Is it best practice to not post an association to a task id? Or is there a URL datatype, and can I put the full URL with the task_id linking to the calculation page?

MPContribs doesn’t accept lists in its queryable data component for indexing and performance reasons. There’s guidance in the docs for how to deal with lists (i.e. label the elements and convert to dict).
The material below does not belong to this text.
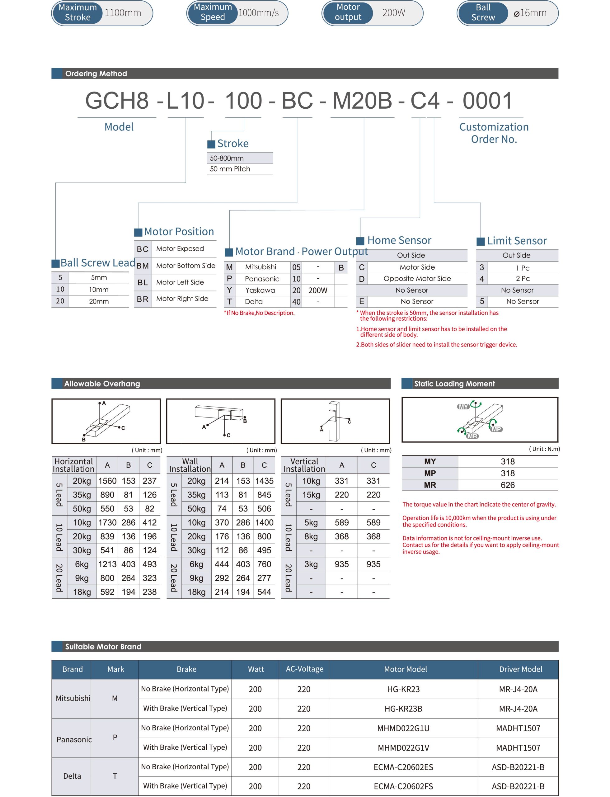 - Hành trình tiêu chuẩn: 50-1250 / 50 mm
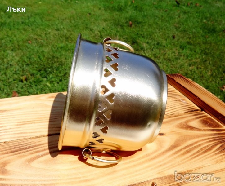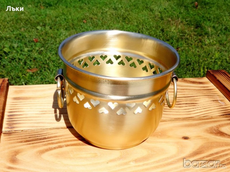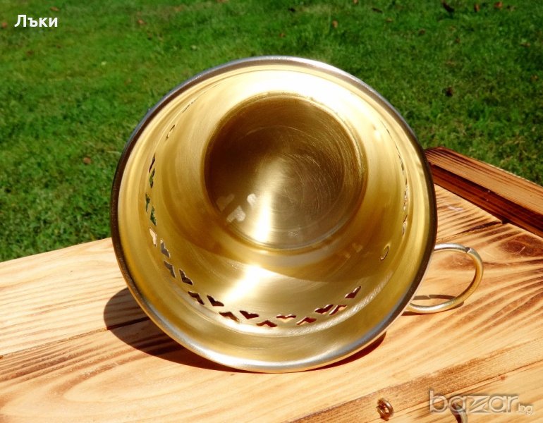 изработка с нежен ажур от сърчица и две стабилни халки за окачване.Златен блясък.Височина 9 см.,диаметър 12 см.,тегло 180 гр.Отличен.

For this, it would mean essentially lists with the same lengths. What to do when lists vary in length because they are associated to site properties? The table still feels like the best alternative, but the plot associated with the table doesn’t make sense for site specific properties. Or should I fully decorate the structure with all site properties?

Thank you!!

Is it best practice to not post an association to a task id? Can I put the full URL with the task_id linking to the calculation page?

Posting a link to a task is not discouraged. Putting the full URL to the task detail page should work. The interface tries to parse any URL such that it displays nicely.

What to do when lists vary in length because they are associated to site properties? Or should I fully decorate the structure with all site properties?

If site properties need to be available for filtering (instead of just downloading), variability in length is not an issue and will only result in empty cells for contributions containing shorter lists. This is a valid approach if the number of sites doesn’t explode and has a reasonable maximum. The site index (or s1, s2, …, sN) could serve as dict key in this case. It sounds like decorating the structure with the site properties is the better approach here, though. I might have to double check that the MPContribs API doesn’t strip site properties from pymatgen structures. Feel free to try both approaches and lmk how it goes.

Hi Patrick,

I cannot do the method here:

 The site index (or s1, s2, …, sN) could serve as dict key in this case.

Without omitting some materials as the max amount of columns is 160 for MPContribs but the max number of sites for any given structure is 264 in my database. For now to try both methods I limited it to structures with just max 20 sites.

For the data method I cannot get the site data to upload:

columns = {"taskid": None, "vacuumcharge": None, }
columns.update({"charge.s{}".format(x):None for x in range(20)})
columns.update({"atomicvolume.s{}".format(x):None for x in range(20)})

client.init_columns(columns)

With a list of contributions like so:

{'identifier': 'mp-1184580',
 'data': {'taskid': 'https://next-gen.materialsproject.org/materials/mp-1184580/tasks/mp-1952515',
  'vacuumcharge': 0.0},
 'charge': {'s0': 8.338241,
  's1': 11.747498,
  's2': 15.948809,
  's3': 15.965453,
  's4': None,
  's5': None,
  's6': None,
  's7': None,
  's8': None,
  's9': None,
  's10': None,
  's11': None,
  's12': None,
  's13': None,
  's14': None,
  's15': None,
  's16': None,
  's17': None,
  's18': None,
  's19': None},
 'atomicvolume': {'s0': 12.218051,
  's1': 11.832801,
  's2': 18.043842,
  's3': 18.115342,
  's4': None,
  's5': None,
  's6': None,
  's7': None,
  's8': None,
  's9': None,
  's10': None,
  's11': None,
  's12': None,
  's13': None,
  's14': None,
  's15': None,
  's16': None,
  's17': None,
  's18': None,
  's19': None},
 'structures': [Structure Summary
  Lattice
      abc : 4.399411917362592 4.399411917362592 4.399411917362592
   angles : 59.99999999999999 59.99999999999999 59.99999999999999
   volume : 60.21003545068222
        A : 0.0 3.110854 3.110854
        B : 3.110854 -0.0 3.110854
        C : 3.110854 3.110854 -0.0
      pbc : True True True
  PeriodicSite: Hf (3.111, 3.111, 3.111) [0.5, 0.5, 0.5]
  PeriodicSite: Zn (0.0, 0.0, 0.0) [0.0, 0.0, 0.0]
  PeriodicSite: Rh (1.555, 1.555, 1.555) [0.25, 0.25, 0.25]
  PeriodicSite: Rh (4.666, 4.666, 4.666) [0.75, 0.75, 0.75]]}

I can confirm however that the site specific properties are retrievable using client.get_structure() method. It just is not obvious that these properties are indeed there. Perhaps it is better to have it as a string?!

Thanks for testing! Do you need e.g. charge.s3 to be queryable, i.e. data__charge__s3__lt=3? If not, we should include these properties with the structure. I’m a little surprised that they go through though cause I’m explicitly stripping them in the client. If the structures don’t go through as you like, you could also add them as attachments.